What We’re Talking About

Data centers in a box

by Andy Ormsby | 22 Apr 2008 | Permalink |

Nick Carr’s blog recently reported on the current trend to package servers in shipping containers.

In this case, Microsoft plan to put 220 (wow!) shipping containers into the first floor of a new data centre. The past reports I have seen on using shipping containers as a means of packaging up chunks of data center have focussed on the benefits of being able to drop them off in a car park. The idea of manoeuvring them into a building seems a little challenging, as does the thought of swapping one out when it needs replacing, but I’m sure it’s all good fun.

What problem is packing servers into shipping containers intended to solve? This is a new data center build, so it is not simply a means of quickly providing additional capacity for a data center that is bursting at the seams.

You may be as surprised at the answer as I was.

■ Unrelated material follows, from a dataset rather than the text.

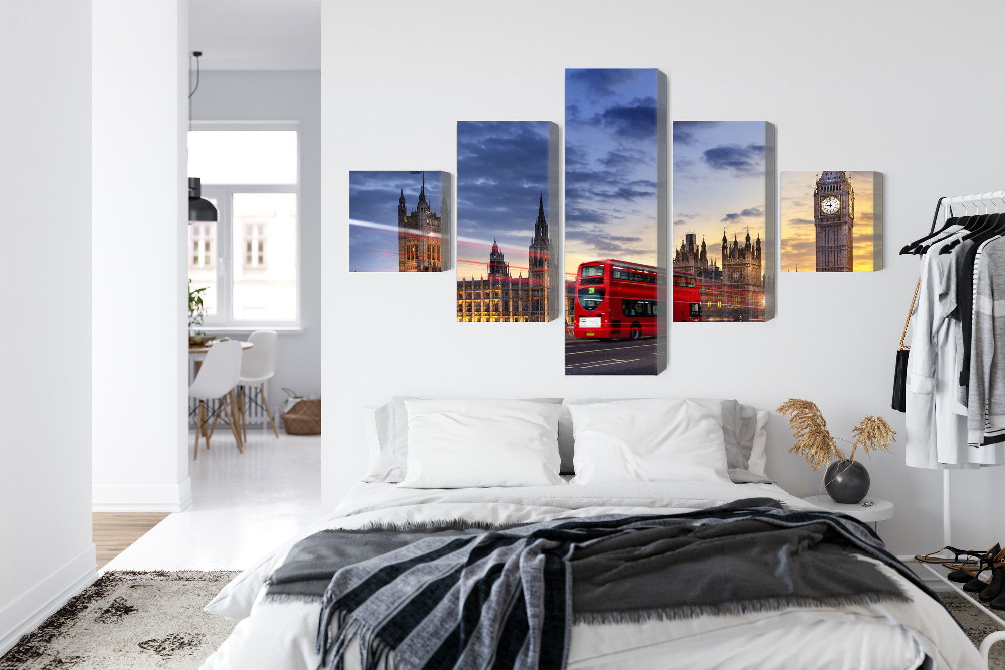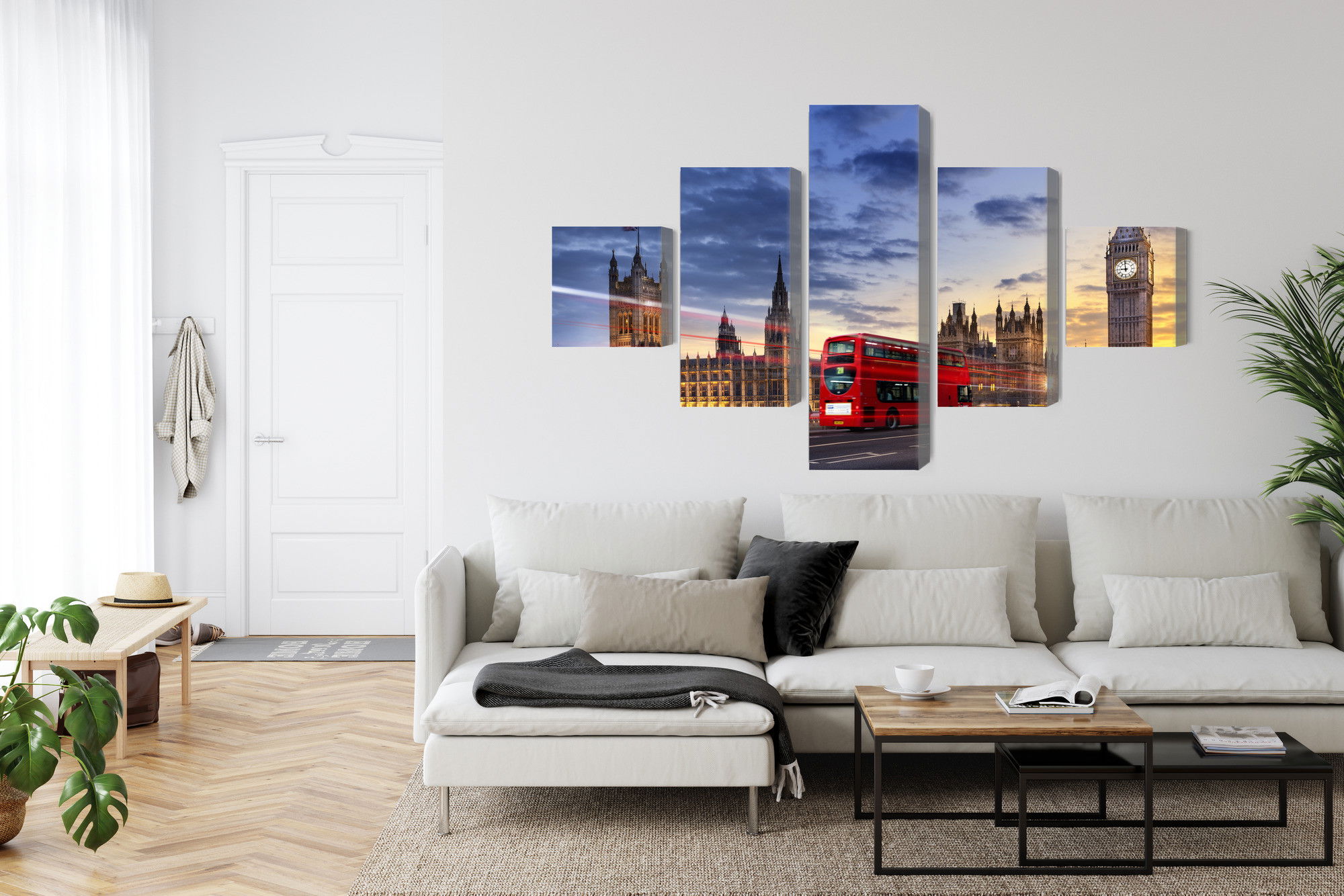 SilentDirects ljuddämpande tavla Panorama of westminster kombinerar ett högupplöst motiv med avancerad akustikteknik. Varje tavla monteras i Sverige och bygger på en stabil canvastavla med fururam, där insidan av ramen fylls med en ljudabsorberande kärna av återvunnen polyester. Konstruktionen gör tavlan till ett både estetiskt och funktionellt inslag i rummet.

NickCarr’s blog links to an interview with Michael Manos and Christian Belady.

Belady, one of the Microsoft guys, explained that “One of the things we like about them is we can take a bunch of servers and look at the output of that box and look at the power it draws. At the end of the day, we can determine, “What is the IT productivity of that unit?”

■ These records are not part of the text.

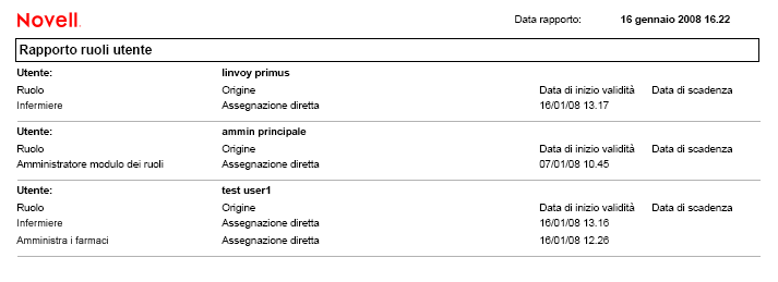 Il Rapporto ruoli utente mostra:
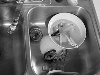 At 18:01 this evening, Rölf made the following entry in the central lab notebook: All soiled dishes missing except for one bowl and four utensils. Small amount of soap bubbles floating in bowl; large volume of soap bubbles emerging from right drain. Scrub brush, two drain sieves, and nine thin, rectangular ice cubes in dry sink bottom.
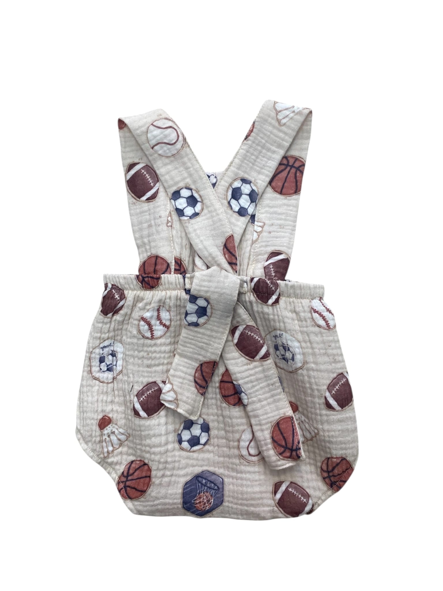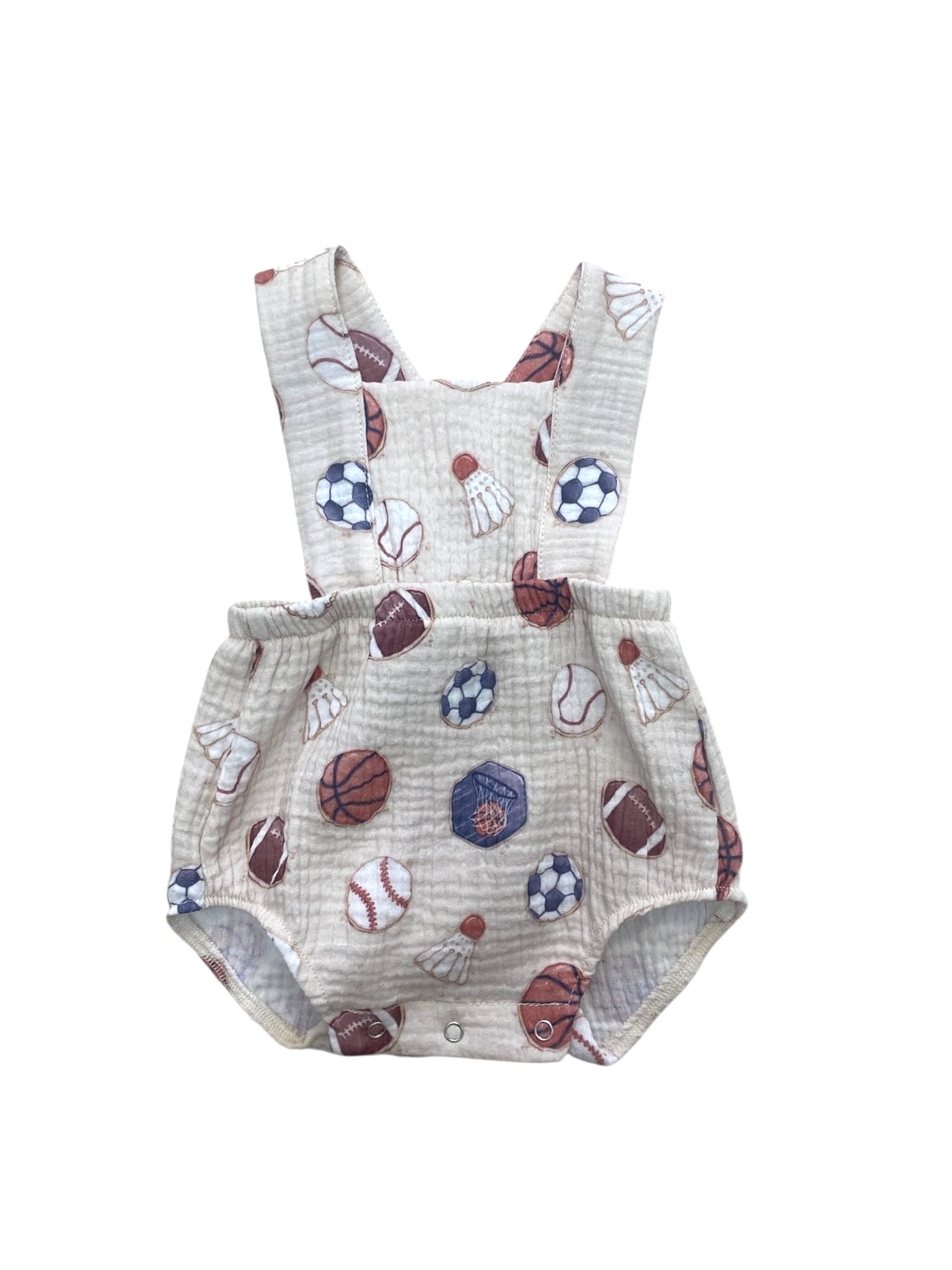 Rampers z muślinu dla chłopca z motywem piłek na beżowym tle – lekki, przewiewny i wygodny na ciepłe dni. Uszyty w Polsce z certyfikowanej bawełny OEKO-TEX®. Naturalny wybór dla małego sportowca!
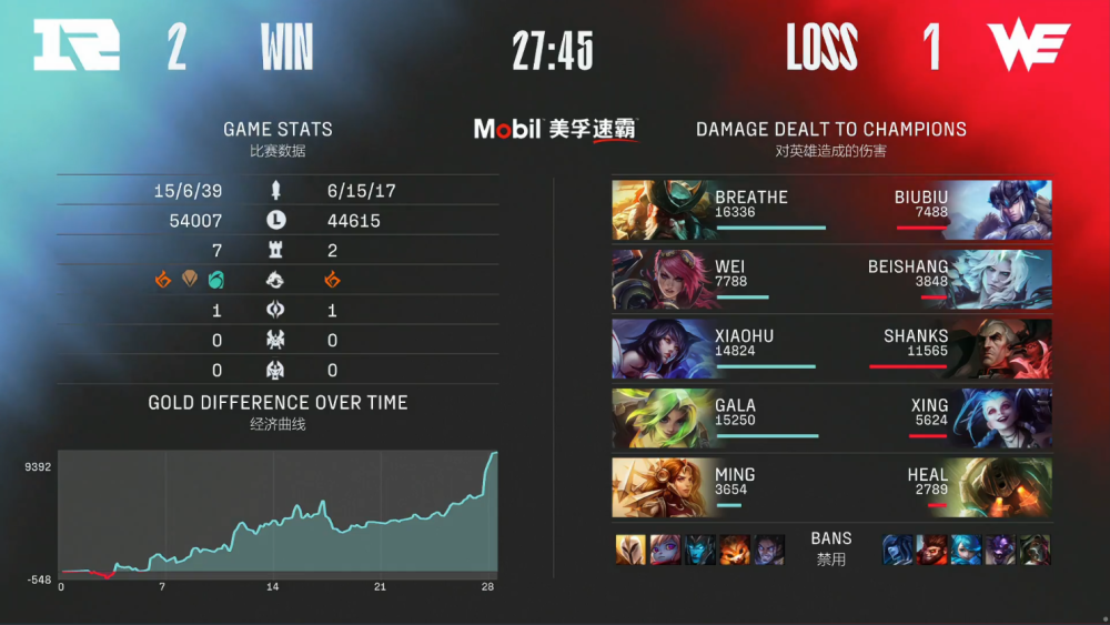 进入决胜局后,RNG再没有给予WE任何机会,以一场酣畅淋漓的速胜局,在27分45秒内,轻松击溃了WE!这种速胜局,没有什么好复盘的,WE苦战三局,再次与首胜失之交臂!

To my mind, this is a pretty startling indictment of the current state of play in data centres. If you really have to put your servers into containers in order to be able to answer these kinds of questions, then you definitely have a problem.

As Martin McEvoy has already explained in an previous entry in this blog, not knowing what you have is a bad thing for lots of reasons, not least the possibliity of liability.

But is containerisation the solution? While it has its place, I am not quite convinced that people are ready to restructure their data center into a pile of shipping containers, presumably helpfully labelled “email”, “ERP”, “Website” and “HR”.